Family walking together with luggage, embarking on a journey

Immigration policy in the United States is undergoing its most dramatic transformation in modern history. The foreign-born population reached a historic peak of 53.3 million in January 2025, then dropped by more than a million within months. Net migration has fallen by roughly 90 percent from its 2023 peak. ICE detention hit an all-time record of 73,400 people on a single day. The immigration court backlog has tripled to 3.3 million cases. And these are just the US numbers — globally, the movement of people is reshaping nations, economies, and identities.
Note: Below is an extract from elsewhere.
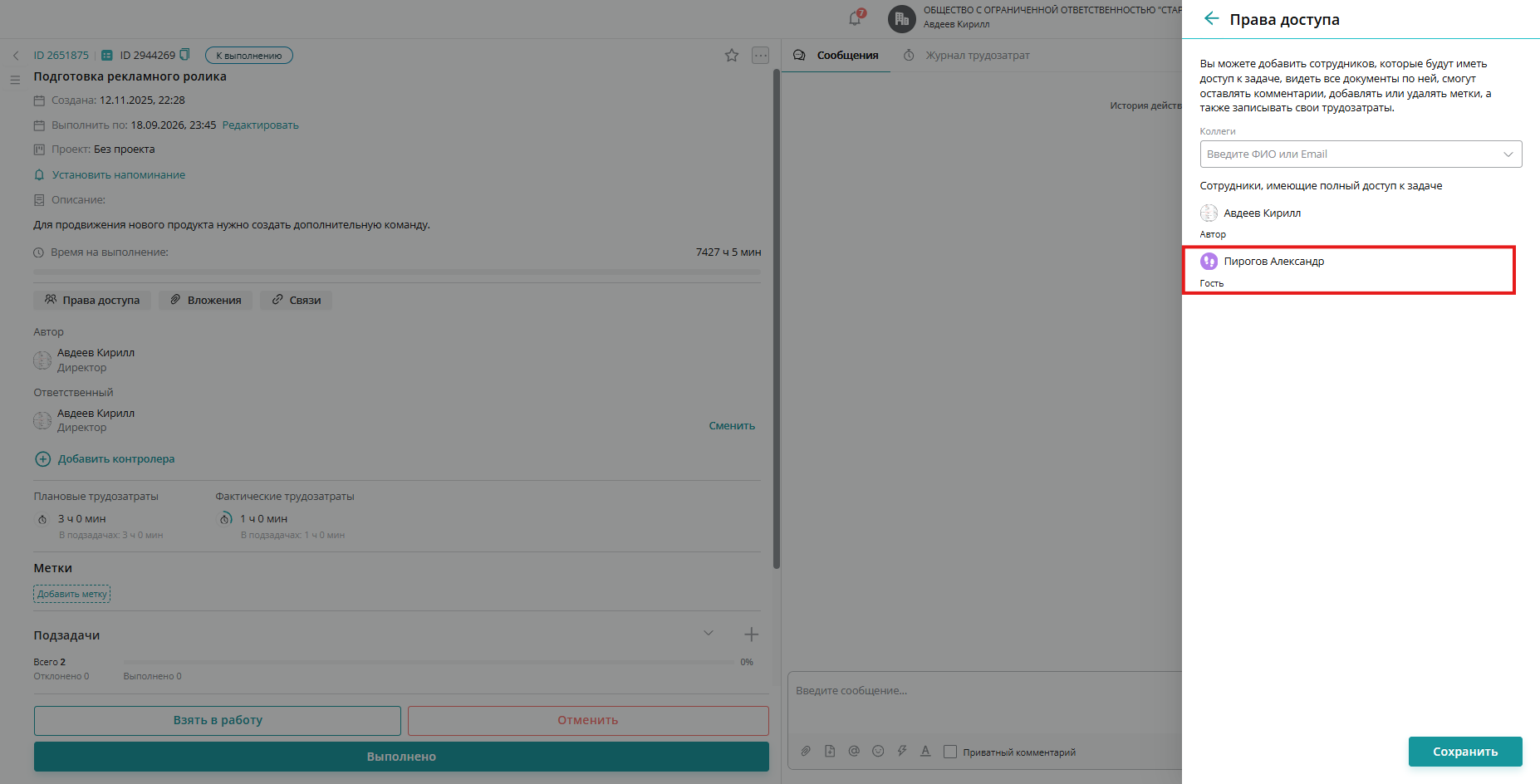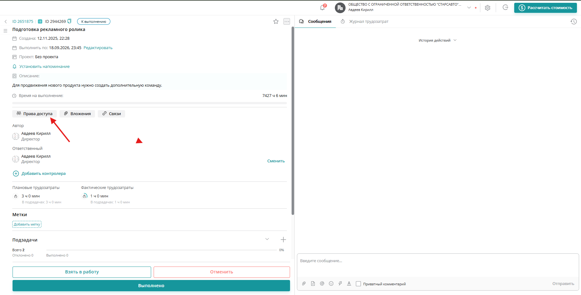 Для того, чтобы вы могли пригласить участника в задачу напрямую — необходимо перейти в саму созданную задачу и найти вкладку "Права доступа". Например мы хотим дать доступ просматривать статус задачи, которую мы завели на основе обращения другого клиента, но проблема общая. Для этого переходим в нашу задачу и открываем "Права доступа":

The I Ching speaks to the human experience of movement, of searching for home, and of belonging in a world where borders are both real and imagined.
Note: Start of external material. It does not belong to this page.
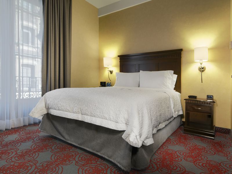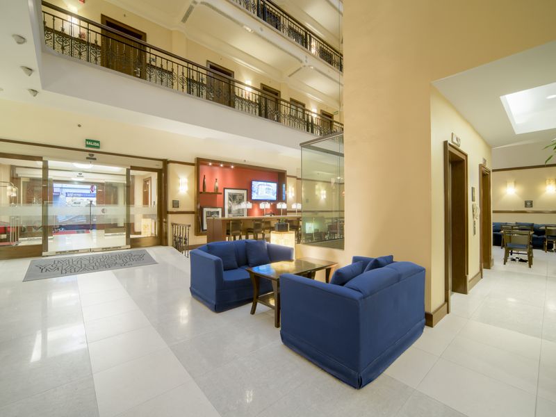 Das historische Hotel Hampton Inn & Suites liegt mitten im Herzen der Altstadt von Mexiko-Stadt, nur 2 Blocks vom Zócalo, dem Hauptplatz der Stadt entfernt. Zahlreiche kulturelle und historische Sehenswürdigkeiten befinden sich in unmittelbarer Nähe. Das Hotel verfügt über 108 geräumige und modern eingerichtete Zimmer, wahlweise mit King- oder Queen-Size-Betten, die mit TV, gratis WLAN, Schreibtisch, Kaffemaschine, Bügeleisen, Wecker und privatem Bad mit Fön ausgestattet sind. Die 49 Suiten bestehen aus 2 Räumen mit separatem Schlafzimmer. Das Hotel verfügt außerdem über ein Restaurant, eine Bar sowie ein Fitnesscenter. Eine 24-Stunden-Rezeption, Zimmerservice und ein Wäscheservice gehören ebenfalls zum Dienstleistungsangebot des Hotels.

A winding road leading toward a distant city at sunset

Hexagram 56 (The Wanderer): The Experience of Being Away from Home

Hexagram 56 (The Wanderer) is the I Ching's teaching on the experience of being a stranger in a strange land. Its image is fire on the mountain — a small, temporary light in a vast landscape. The judgment advises: The wanderer succeeds through modesty and caution. For the millions of people crossing borders — whether by choice or by force — this hexagram offers a compassionate acknowledgment of the vulnerability of being away from home. It does not romanticize wandering. It acknowledges its difficulty. And it points to the qualities that make wandering survivable: humility, adaptability, and respect for the customs of the place where you find yourself. Whether you are an immigrant, a refugee, or simply someone navigating unfamiliar territory in life, Hexagram 56 reminds you that you are not lost. You are a wanderer, and the wanderer has its own wisdom.

Hexagram 37 (The Family / The Clan): The Universal Need for Belonging

An open door leading into a warm, welcoming home

If Hexagram 56 describes the experience of wandering, Hexagram 37 (The Family) describes what everyone is searching for: a place to belong. Its image is wind rising from fire — the warmth of the hearth spreading outward. The judgment speaks of the correct organization of human relationships. In the immigration debate, this hexagram asks a fundamental question: What does it mean to belong? Belonging is not simply a legal status. It is the experience of being known, of having a role, of contributing to a community. The immigration system processes people through categories — citizen, resident, asylee, undocumented. But the human need for belonging transcends categories. Hexagram 37 teaches that the strongest societies are those that organize themselves to include, not exclude — to create hearths that welcome, not walls that divide.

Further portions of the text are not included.